SuaraTani.com - Cibinong| Pengelolaan pascapanen dan penguatan rantai pasok menjadi kunci untuk meningkatkan daya saing pertanian sekaligus memperkuat ketahanan pangan berkelanjutan. 

Di berbagai negara, tantangan sektor pangan tidak hanya berkaitan dengan peningkatan produksi, tetapi juga menjaga kualitas hasil panen selama proses distribusi hingga sampai ke konsumen. 

Kehilangan hasil pascapanen, gangguan rantai pasok, fluktuasi pasar, dan dampak perubahan iklim menjadi faktor yang memengaruhi ketahanan pangan serta daya saing produk pertanian.

Kepala ORPP BRIN, Puji Lestari, menegaskan bahwa tantangan sektor pertanian saat ini tidak hanya terletak pada peningkatan produksi, tetapi juga pada kemampuan menjaga mutu hasil panen hingga diterima konsumen.

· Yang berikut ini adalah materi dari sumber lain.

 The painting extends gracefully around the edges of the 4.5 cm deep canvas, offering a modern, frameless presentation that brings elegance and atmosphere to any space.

“Pertanian saat ini tidak lagi hanya berbicara tentang peningkatan produksi. Tantangan sesungguhnya sering kali dimulai setelah panen. Oleh karena itu, penelitian pascapanen dan rantai pasok harus berjalan beriringan untuk memastikan kualitas produk tetap terjaga hingga diterima konsumen,” ujar Puji dalam siaran pers, Selasa (2/6/2026) di Cibinong.

Menurut Puji, peningkatan efisiensi distribusi memerlukan dukungan riset, penerapan teknologi rantai dingin (cold chain), digitalisasi, serta kolaborasi antarpemangku kepentingan agar produk pertanian Indonesia mampu bersaing di pasar yang semakin kompetitif.

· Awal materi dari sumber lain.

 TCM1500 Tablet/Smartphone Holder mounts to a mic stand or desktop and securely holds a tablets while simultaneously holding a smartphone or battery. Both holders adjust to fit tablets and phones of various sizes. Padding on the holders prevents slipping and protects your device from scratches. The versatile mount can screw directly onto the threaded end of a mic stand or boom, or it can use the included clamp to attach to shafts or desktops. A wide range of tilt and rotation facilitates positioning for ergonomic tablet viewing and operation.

Senada dengan itu, Kepala Pusat Riset Hortikultura BRIN, Dwinita Wikan Utami, menjelaskan bahwa pengelolaan pascapanen berperan penting dalam menjaga mutu dan daya saing produk hortikultura segar. 

Kualitas produk perlu dipertahankan sejak panen hingga distribusi agar mampu memenuhi kebutuhan pasar domestik maupun ekspor.

“Kualitas produk segar harus dijaga sejak panen hingga distribusi. Teknologi pascapanen, rantai dingin, dan pemantauan logistik menjadi kunci untuk mengurangi kehilangan hasil dan meningkatkan akses pasar,” jelas Dwinita.

Ia menambahkan, kondisi geografis Indonesia yang luas dan beriklim tropis membuat produk hortikultura rentan mengalami penurunan mutu selama distribusi. 

Karena itu, pemanfaatan teknologi digital seperti Internet of Things (IoT), kecerdasan buatan (artificial intelligence/AI), dan sistem pemantauan rantai pasok berbasis data diperlukan untuk menjaga kualitas produk secara real time sekaligus mendukung pengambilan keputusan yang lebih cepat dan tepat.

Selain aspek teknologi, penguatan rantai pasok juga memerlukan kolaborasi yang lebih erat antarpelaku usaha pertanian. 

Direktur CRESC, Delwar Akbar, menyoroti pentingnya kolaborasi horizontal antarpetani maupun antarwilayah untuk menciptakan pasokan yang lebih konsisten, memperluas akses pasar, serta membantu mengatasi tantangan biaya produksi, logistik, kualitas produk, dan keterlacakan komoditas.

Menurut Delwar, dukungan pemerintah melalui penguatan tata kelola, standardisasi produk, dan pengembangan pasar juga diperlukan untuk mewujudkan sistem rantai pasok yang lebih terintegrasi dan berdaya saing.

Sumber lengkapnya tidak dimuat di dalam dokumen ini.